Domestic team information
- 1942/43: Europeans

Career statistics
| Competition | First-class |
| Matches | 1 |
| Runs scored | 3 |
| Batting average | 3.00 |
| 100s/50s | –/– |
| Top score | 3 |
| Catches/stumpings | 1/– |
- Source: ESPNcricinfo, 16 November 2022

= Hugh Lindley-Jones =

English cricketer

Hugh Mawdesley Lindley-Jones (22 June 1920 — 10 August 2015) was an English first-class cricketer.

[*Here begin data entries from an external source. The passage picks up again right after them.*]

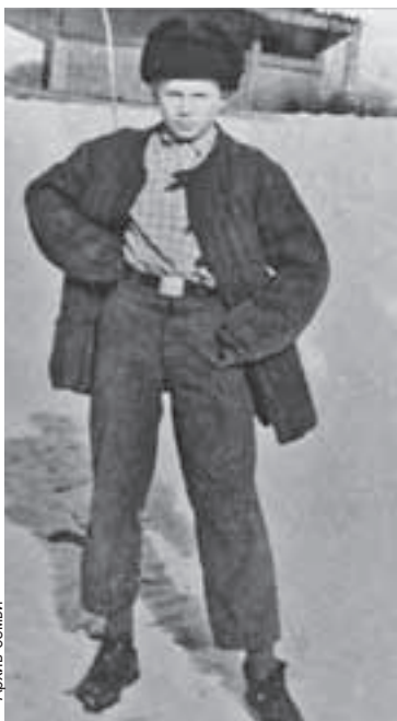
На этом фото Вове Жириновскому - 10 лет. Почему штаны такие короткие? Какие были на барахолке, такие и купили. Алма-Ата, 1957 г.

- Его мама растила шестерых детей одна. Потому папа по-особому отно-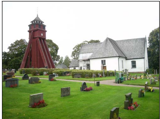
Torpa kyrka 1938 och 2007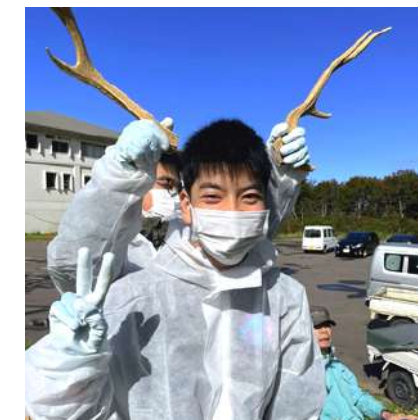
▲リアルせんとかん ※鹿の角は本物です！

みなさんが最近撮ったお気に入りの1枚はなんですか？鳥海山の写真？子どもの写真？10月から毎週金曜日に「わたしの1枚」を選んで留学生のみなんで共有しています。自分は何に心を動かすのか、心の声を聴きながら素敵な瞬間を共有しています。次はどんな写真をシェアしようかな～！

The son of Francis Lindley-Jones, he was born at Bromley in June 1920. He was educated at Radley College until 1938, after which he trained to become a chartered accountant. Lindley-Jones served in the British Army during the Second World War, being commissioned into the Royal Artillery as a second lieutenant in April 1941. He was present during the Malayan campaign, as Japanese forces pushed British forces back to Singapore. In his capacity as a gun control officer, he based at Fort Canning. As the Japanese advanced into Singapore, he came under heavy Japanese artillery bombardment while attempting to retrieve a field gun, while on another occasion he assisted Chinese workers in emptying hundreds of bottles of whiskey to ensure they didn't fall into enemy hands. He was one of the first to learn of the Surrender of Singapore and decided to disobey orders to surrender by escaping with around a dozen other soldiers. Near the Raffles Hotel, they commandeered a small boat, hoping to sail out to a junk. While attempting to reach the junk, the small boat was holed, necessitating the need to swim the remaining half a mile to the junk; Lindley-Jones was among those who made it to the anchored junk, though others turned back and one man drowned. Once aboard the junk, they started its engine and set sail for Sumatra. He served throughout the war in the Royal Artillery, reaching the rank of major.

While serving in British India, Lindley-Jones made a single appearance in first-class cricket for the Europeans cricket team against the Indians in a Madras Presidency Match at Madras in December 1942. Playing as a lower-middle order batsman in the Europeans side, he was dismissed for 3 runs in their first innings by C. R. Rangachari, while in their second innings he was not required to bat. Following the war, he became a publisher and was a member of the Worshipful Company of Turners. He became Master of the Company in 1965 and was a member of it for 74 years; at the time of his death he was the Father of the company, being succeeded by Sir Brian Neill. Lindley-Jones died at Chislehurst in August 2015.